From the data that follows, set down exactly the lines from the one with "We loved Addie’s" through the one with "本日のレクリエーションは棒を使い紙コップを", counting both. Pictures stay out.

(Supplied records)
# # # #
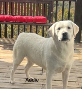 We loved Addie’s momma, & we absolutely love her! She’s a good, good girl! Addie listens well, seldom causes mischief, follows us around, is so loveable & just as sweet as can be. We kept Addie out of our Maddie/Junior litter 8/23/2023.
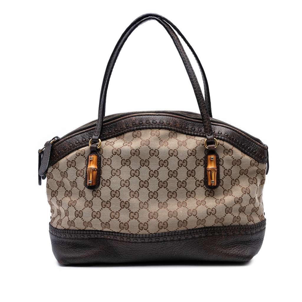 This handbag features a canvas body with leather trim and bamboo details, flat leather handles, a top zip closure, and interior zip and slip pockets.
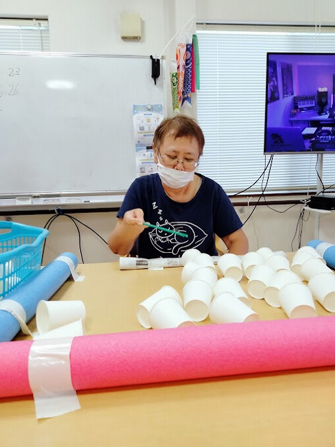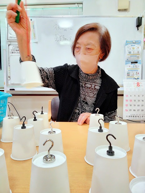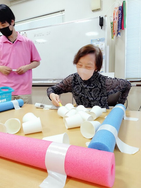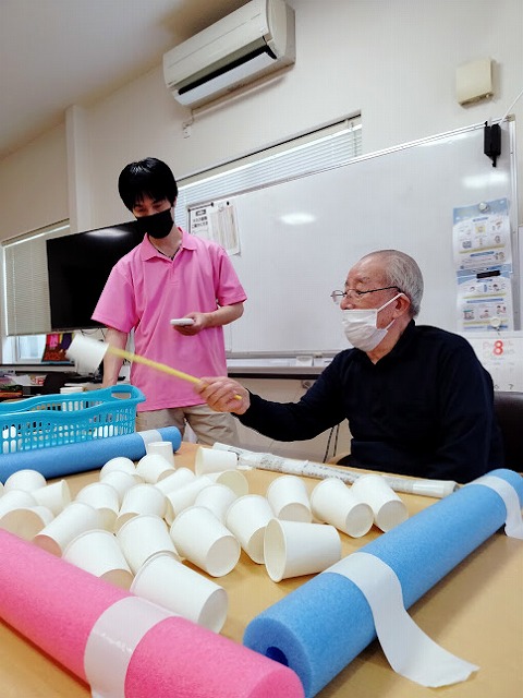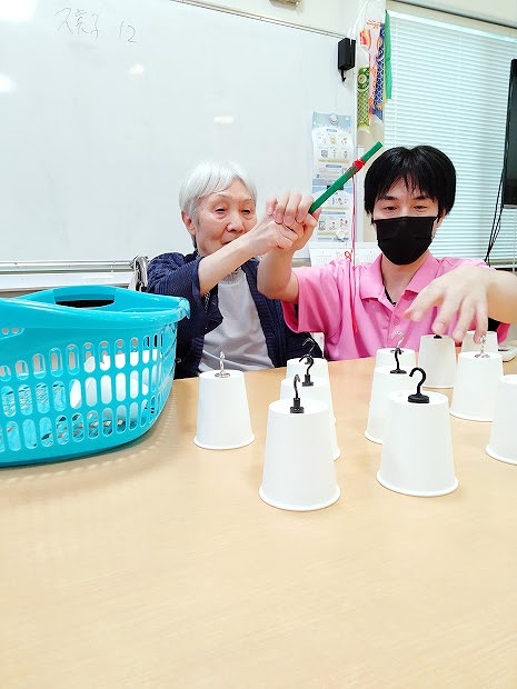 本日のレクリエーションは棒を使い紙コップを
# # # #
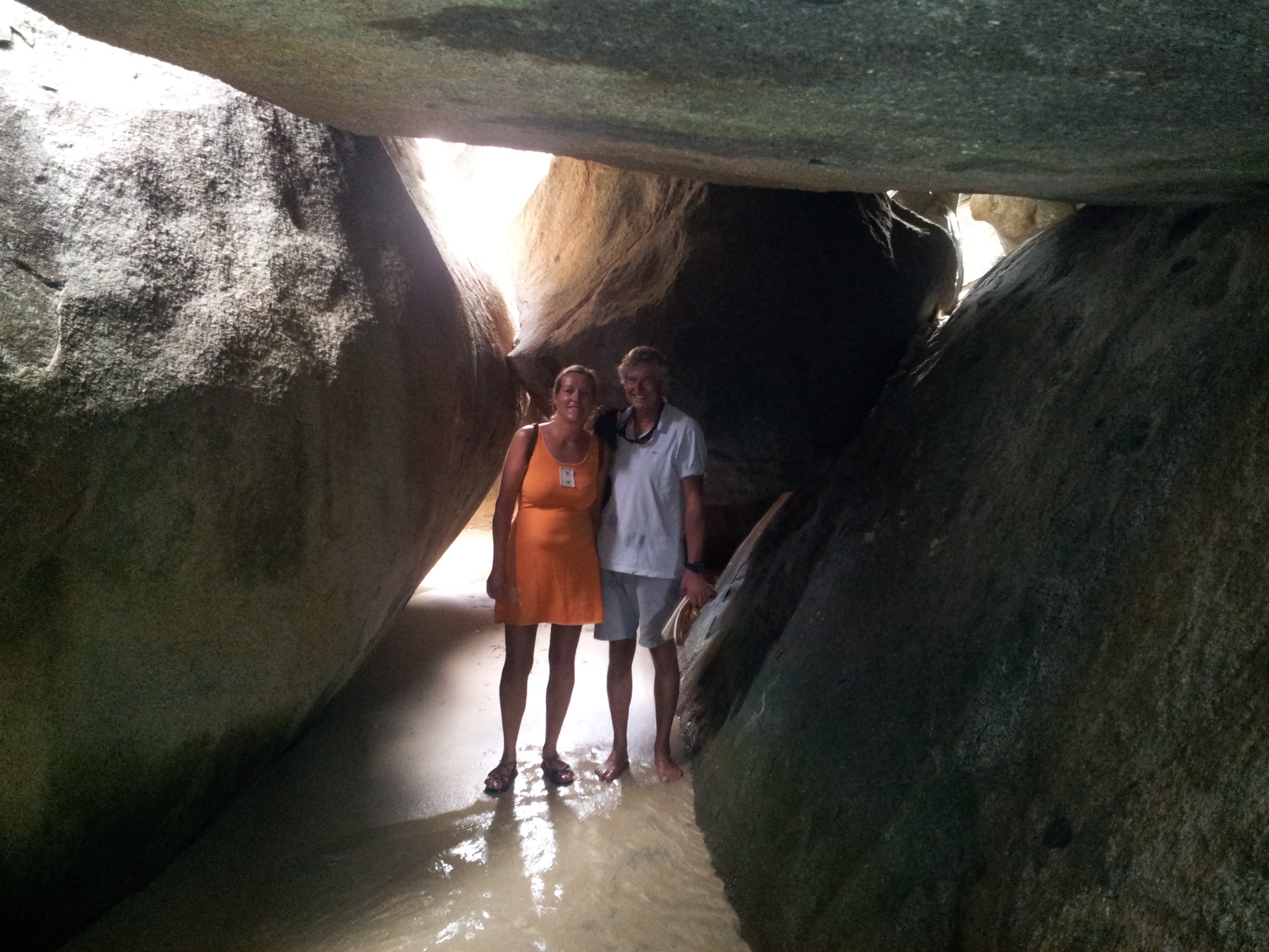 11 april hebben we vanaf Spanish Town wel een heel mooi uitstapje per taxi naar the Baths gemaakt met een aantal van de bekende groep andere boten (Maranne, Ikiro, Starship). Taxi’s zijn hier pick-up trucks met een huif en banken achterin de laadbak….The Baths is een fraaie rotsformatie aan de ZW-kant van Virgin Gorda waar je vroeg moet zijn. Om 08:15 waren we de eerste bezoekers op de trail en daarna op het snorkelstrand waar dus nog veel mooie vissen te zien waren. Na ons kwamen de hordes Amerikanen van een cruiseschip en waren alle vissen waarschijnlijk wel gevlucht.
# # # #
(Result for this task)
 We loved Addie’s momma, & we absolutely love her! She’s a good, good girl! Addie listens well, seldom causes mischief, follows us around, is so loveable & just as sweet as can be. We kept Addie out of our Maddie/Junior litter 8/23/2023.
 This handbag features a canvas body with leather trim and bamboo details, flat leather handles, a top zip closure, and interior zip and slip pockets.
 本日のレクリエーションは棒を使い紙コップを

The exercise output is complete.